Funding. Carmen A. Catizone, executive director of the National Association of State Boards of Pharmacy, said in December that state regulators lack the funding to properly inspect all of the pharmacies in their jurisdiction [see January 15, 2013, AJHP News].

Wiberg acknowledged that funding issues have been a concern for state boards of pharmacy over the past decade.

"There has been a constant fight to retain our resources, to retain our staffing, to retain our appropriations," he said.

Jay Campbell, executive director of the North Carolina Board of Pharmacy, said state governments need to adequately fund their pharmacy boards. In particular, he said, licensing fees collected by the boards should be used to ensure patient safety and not "regarded as vehicles for revenue."

Definitions.
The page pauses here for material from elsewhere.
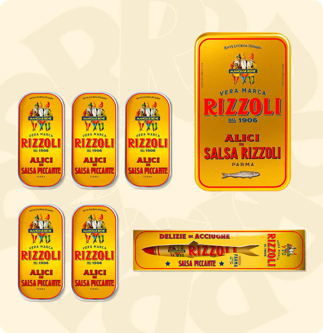 Cinque iconiche lattine di Alici in Salsa Rizzoli e una Delizie in Salsa Rizzoli racchiudono il nostro segreto: la ricetta tramandata solo a voce da cinque generazioni. Ancora oggi ogni passaggio continua ad essere svolto artigianalmente, con cura e passione, nel rispetto dell’antica tradizione di famiglia.

FDA has clear jurisdiction over drug manufacturers, but state pharmacy boards have traditionally regulated the practice of pharmacy compounding.
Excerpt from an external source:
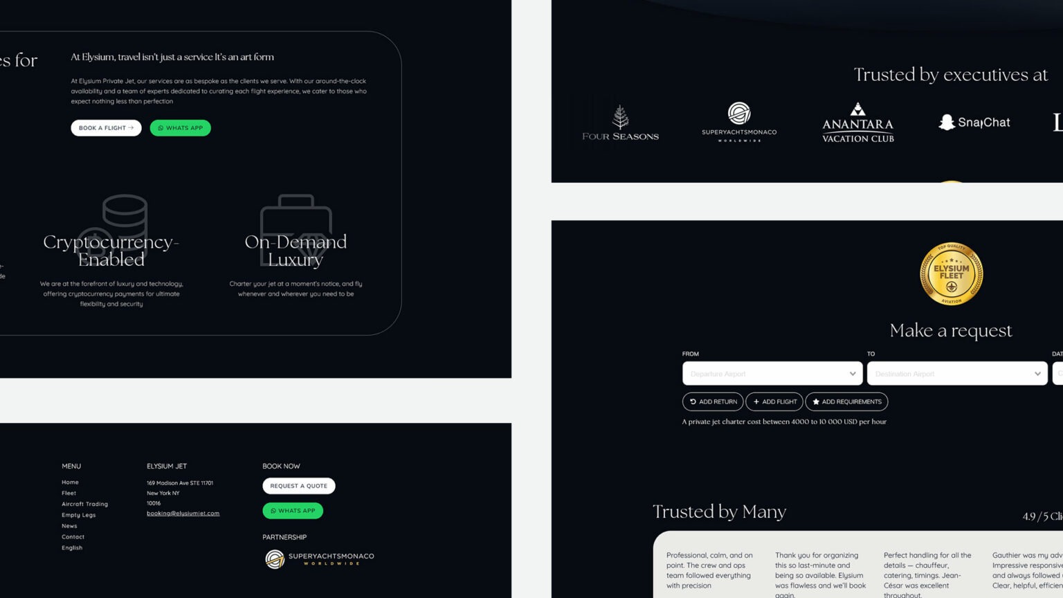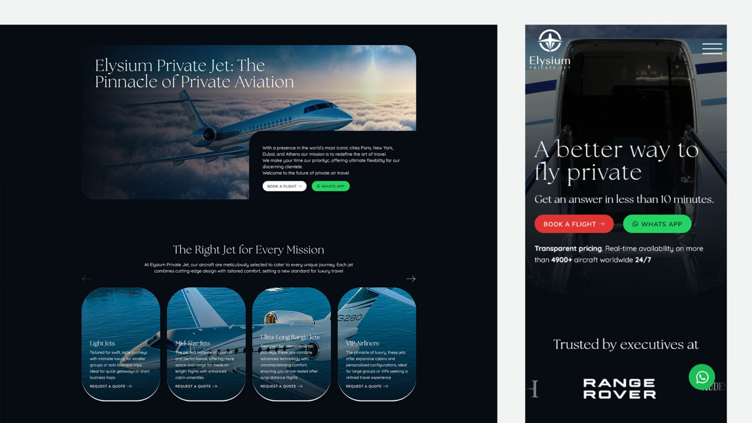 Elysium Jet souhaitait refondre son site pour mieux refléter son positionnement luxe, faciliter les demandes de devis et offrir une expérience fluide sur tous les appareils.

Hamburg underwent two days of grilling last November from Congress, with some legislators saying FDA should have treated NECC as a manufacturer and taken action against the company. She said FDA was hampered by ambiguity over whether the agency has the authority to act against a compounding pharmacy whose practices are akin to drug manufacturing.

Underlying this issue, Wiberg said, is the lack of clarity on differences between compounding from manufacturing.

In the case of NECC, "should the activities they were engaged in be classified as nontraditional compounding or nontraditional manufacturing?" he asked.

He and others said pharmacy boards would benefit from having clear definitions from FDA to help classify these activities and determine who should be primarily responsible for regulating specific pharmacies.

During her November testimony before Congress, Hamburg asked legislators to support a "risk-based framework" for regulating pharmacy compounding. Under that framework, traditional compounding would remain under state regulation, compounding practices that are deemed nontraditional would be regulated by FDA, and some sterile compounders would need to follow the Good Manufacturing Practices required of drug manufacturers.

More recently, the consumer advocacy group Public Citizen on December 18 released a letter to Health and Human Services Secretary Kathleen Sebelius opposing Hamburg's proposal. The letter stated that FDA's proposal obscures the line between traditional and nontraditional compounding and would further confuse the regulatory landscape.

A docket for comments on the framework was available through January 18.

"We are eager for input from any and all who want to sharer their perspective, experiences, and ideas on this critical issue of pharmacy compounding," Hamburg said.